MITOCHONDRIAL HAPLOTYPES

We sequenced female‐type (F‐type) CO1 mtDNA, which is generally considered to have a more reliable phylogenetic signal than male‐type mtDNA and has multiple phylogenetic lineages in Australian M. galloprovincialis populations (Gérard et al. 2008; Colgan and Middelfart 2011; Dias et al. 2014). Using the DNA extracted as previously described, we amplified F‐type CO1 haplotypes using PCR reagents and conditions as described in Dias et al. (2014). Samples were sequenced in both directions by the Australian Genome Research Facility, Perth. Consensus sequences were aligned, analyzed and trimmed in Geneious v 6.1.8 (Kearse et al. 2012) using the Geneious alignment feature with default parameters.
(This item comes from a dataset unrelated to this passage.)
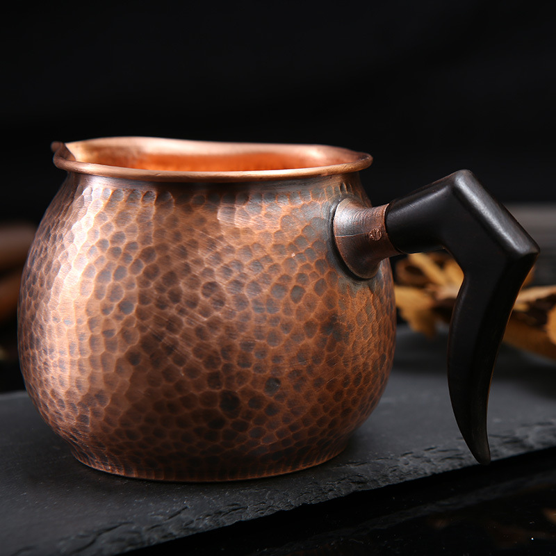 厂家侧柄鹰嘴小口茶杯轻奢办公商务礼品杯手工锤纹紫铜公道杯定制

A preliminary Neighbor‐Joining tree was constructed from the 44 individuals to identify the number of unique sequences present (n = 14; Table S4). We added 105 northern and southern Mytilus haplotypes of the COI gene to our unique sequence set, as compiled in Dias et al. (2014). We inferred phylogenetic relationships using MRBAYES V3.1.2 (Huelsenbeck and Ronquist 2001) in Geneious v 6.1.8. We set the parameters and performed the Bayesian analyses as described in Dias et al. (2014), with the modification that we used a GTR+G substitution model. We determined phylogenetic relationships from 75% majority‐rule consensus of postburn‐in trees.

STATISTICAL ANALYSES

Analyses were performed using R version 3.3.2 (R Core Team 2016). We first analyzed competitive fertilization success of focal sperm as a binomial response variable (proportion of eggs successfully fertilized by dyed sperm in competition). We fit a GLMM with logit link function in the “lme4” package (Bates et al. 2014), using the Laplace approximation of the log‐likelihood to estimate model parameters (Raudenbush et al. 2000). Our model included a fixed intercept term and random effects of male (overall variation among sperm of focal males), female (overall variation among focal female chemoattractants), male‐by‐female interaction (variation among sperm‐chemoattractant combinations), and experimental block. There was no overdispersion in our model (residual deviance = 77.15 on 83 degrees of freedom, dispersion parameter = 0.93), and the scaled residuals (calculated using the “DHARMa” package; Hartig 2017) were uniformly distributed (Kolmogorov–Smirnov test; D = 0.053, P = 0.967). Focal male competitive fertilization success ranged from 0% to 44%, that is significantly lower than 50% (fixed intercept term of GLMM = ‐1.79 [95% CIs = –2.11, –1.47], Wald Z = −1.78, P < 0.001). This was expected given only the subset of sperm that successfully traveled to the center of the chemoattractant gradient was used for fertilizations. We assessed the significance of random effect terms by removing each from the model in turn and compared the fit of the reduced models against the full model with likelihood ratio tests (–2 × difference in log likelihoods compared against χ2 distribution with 1 degree of freedom).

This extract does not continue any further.